I thought of you again … the moment I opened my eyes, I start to remember all the torture that I’ve been through for how many weeks. I wake up and one of the first things I thought of was you. The second thing was that you were gone. How can I take you off my mind when you were in it for so long?
You were my everything … the sun in the sky, the air that I breathed, and the ground that I walked upon. I find it hard to let that go … and even though I took away all your photos, your face is still floating in my mind. I still hold on to the memory of your face, the softness of your lips, the roughness of your goatee, your strong arms, and gentle hands. I hear your voice as if you just said something to me, and I struggle to keep that voice in my head, lest I forget it.

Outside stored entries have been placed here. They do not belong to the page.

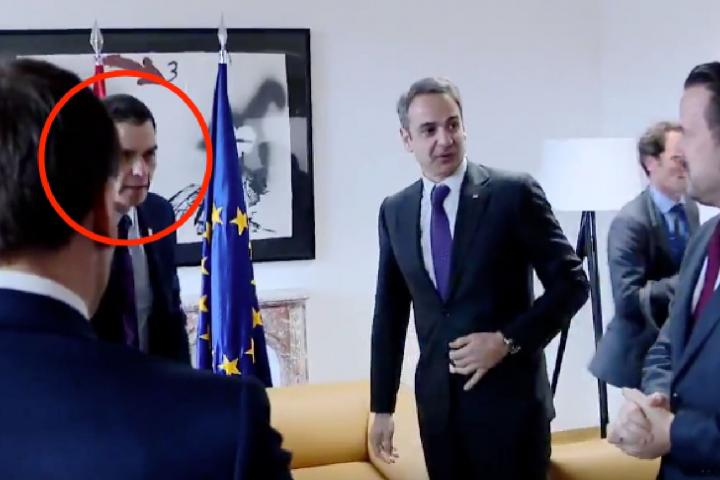 El propio Sánchez ha colgado el vídeo en su perfil de Twitter en el que se ve cómo saluda a todos los líderes menos a Bettel, que se queda sin saber qué hacer:
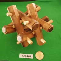 8 hexagonal sticks, 8 dowels, 12 pieces in total. A very difficult and unusual puzzle, crafted to excellent standards. Original information card and detailed solution included.
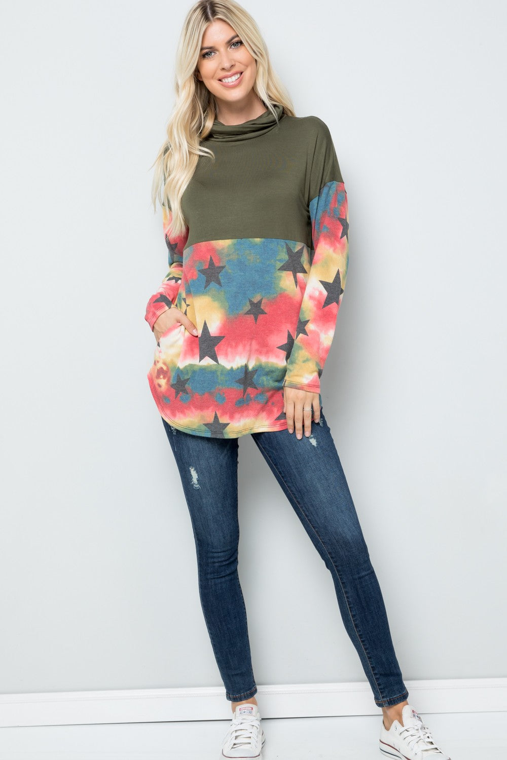 Celeste Full Size Tie-Dye Star Print Long Sleeve Blouse
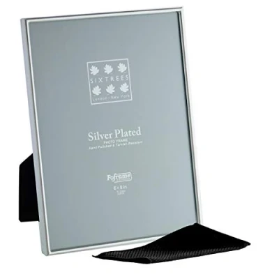 A highly polished Silver plated photo frame for an 8" x 6" picture. Lacquered and tarnish resistant The metal profile forms a smooth rounded edge and is approximately 3/8" (9mm) wide and 1/2" (12mm)deep. Pictures are easily inserted by sliding off the back and we have included a microfibre polishing cloth to clean the glass and frame when fitting your photo. Features a sturdy velour covered strut back and has two hooks, allowing free-standing or wall hanging display in either direction. These frames look great either on their own or as part of a group. They are suitable for almost any decorating theme. They make a perfect present and are ideal for weddings and anniversaries. Provided tissue wrapped in a box, making an ideal gift
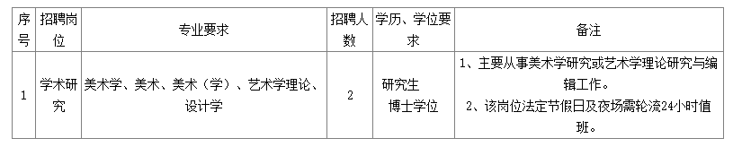 福建省美術(shù)館系福建省文化和旅游廳直屬的公益一類事業(yè)單位。因事業(yè)發(fā)展需要,擬面向社會(huì)招聘高層次人才2名,根據(jù)《福建省省屬事業(yè)單位公開招聘工作人員考試暫行辦法》有關(guān)規(guī)定,發(fā)布以下招聘方案:
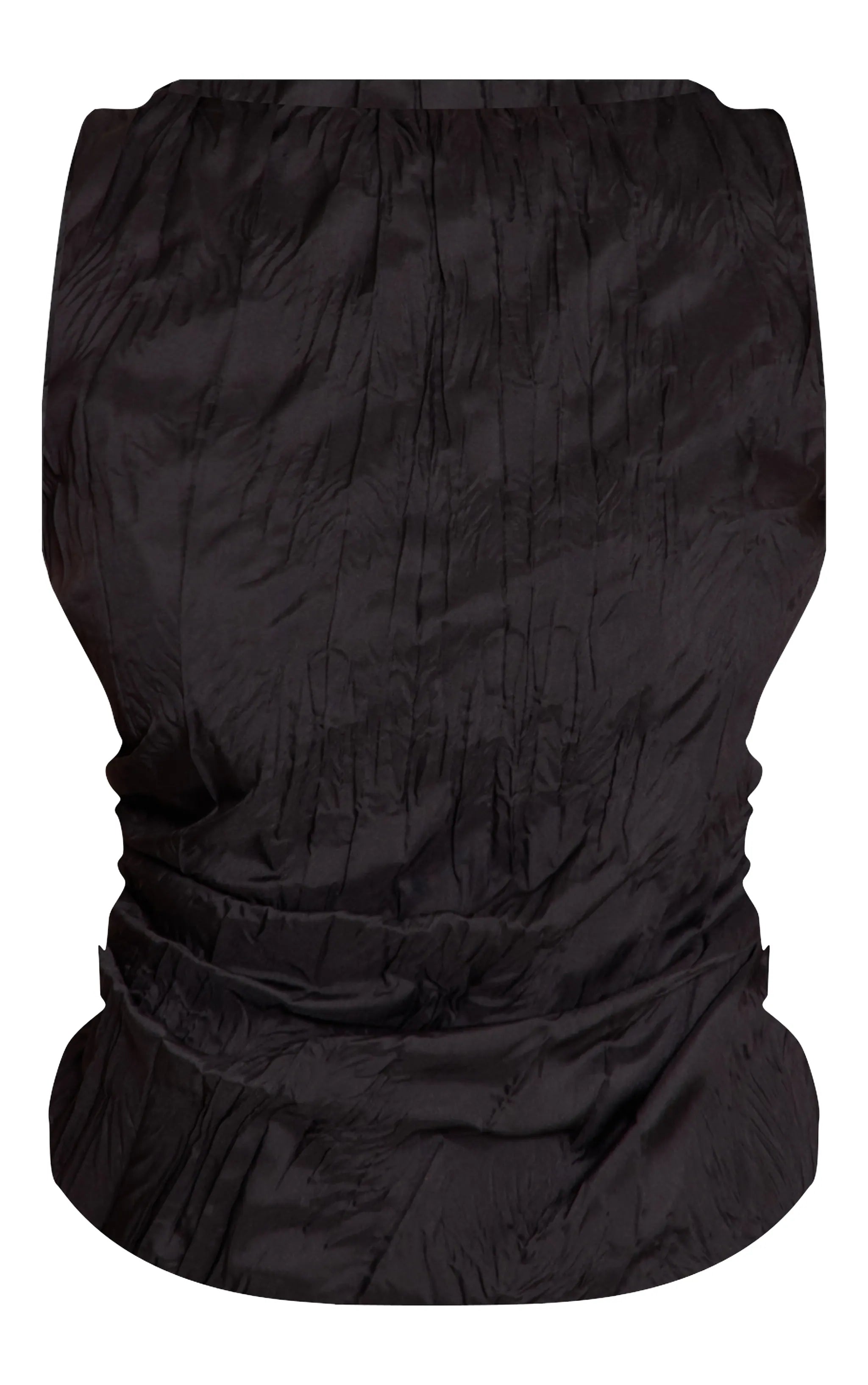 Make an impact without overstating it, curating a confident evening look with texture and form. This black crinkled woven ruched detail top is designed with a high, gathered neckline and a beautifully cinched bodice, creating a modern, flattering silhouette that drapes elegantly. Style this sophisticated piece with tailored wide-leg pants for an elevated, contemporary ensemble, anchoring the look with sleek nude heels. Finish with a flash of gold jewelry to ensure your presence is effortlessly noted.
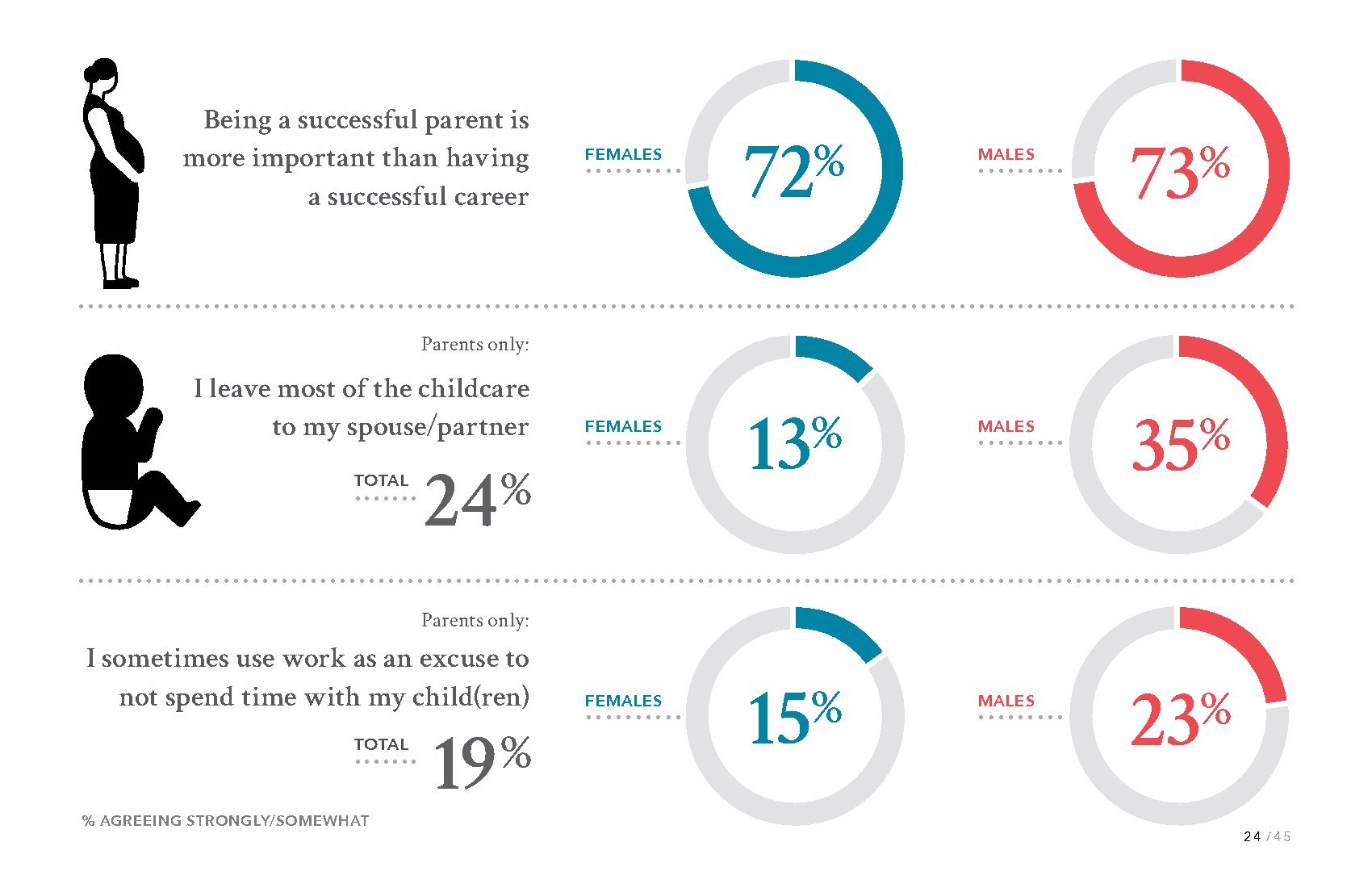 3/4的男性(73%)和女性(72%)受访者认为成功的父母比成功的职业更重要。
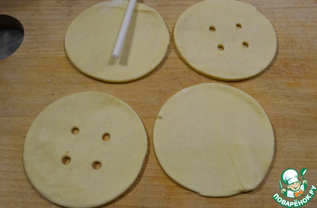 Для пуговиц нам понадобятся две формы: первая - чуть больше диаметра кружка колбасы, вторая - немного побольше первой. Большей формой нарезаем 12 кружочков теста. На шести делаем пуговичные дырки. Я использовала трубочку для коктейля.
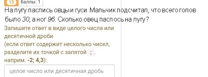 Пусть овец паслось-х,тогда гусей-у,у овцы 4 ноги-4х,у гуся-2 ноги-2у Составим систему: х+у=30 и 4х+2у=96 х=30-у и 4(30-у)+2у=96 120-4у+2у=96 -2у=-24 у=12-гусей, х=30-12=18-овец--(у тебя в задаче в условии были перепутаны ноги и головы,голов не может быть больше,чем ног) ответ:18 овец.
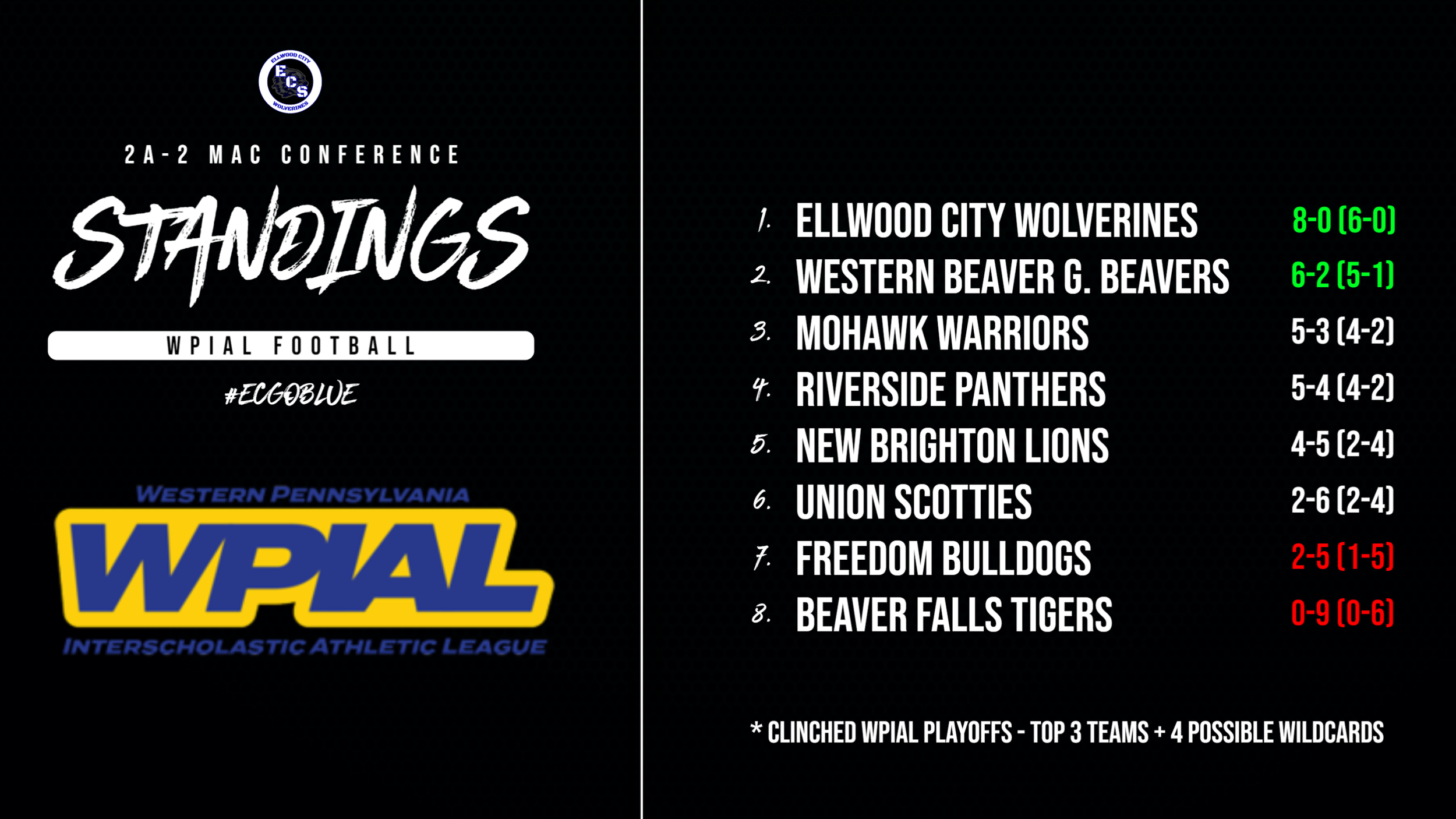 The Wolverines now 8-0 (6-0) clinch at least a share of the MAC title, the first title for EC football since 1997. The Wolverines will look to close out the regular season taking on the Beaver Falls Tigers 0-9 (0-6) on Senior Night from Helling Stadium. Kickoff is slated for 7:00 PM while Senior Night coverage begins at 6:30 PM via ECS live stream.
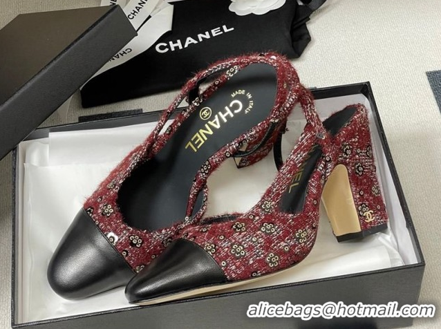 Good Product Chanel Camellia Tweed & Lambskin Leather Slingbacks Pump 9cm G45509 Burgundy/Black 2026

I see you everywhere. In my house, I remember the place where you used to sat for dinner, even the place in the attic where we watched the fireworks. I see you in the mall where we would walk hand in hand all the time, proud to have such a good-looking man. I remember the places we stayed, the places we made love, and held each other close. Those memories … those images would be burned forever in my mind and even if I were old and gray, I would still remember those days where love had resided.
I’m sad that you are now just a chapter in my life and not a part of the conclusion. I’m sad that I would never see your face, feel your body, or hear your voice the same way again. I’m afraid to face a future that would be lonely for a while. But I’m happy that it happened … I’m happy to have had experienced the perfect love. If I could do it all over again and if I had known that loving you came also meant losing you in the end, I would have done it anyway. I pray to God that one day I will experience that same love again.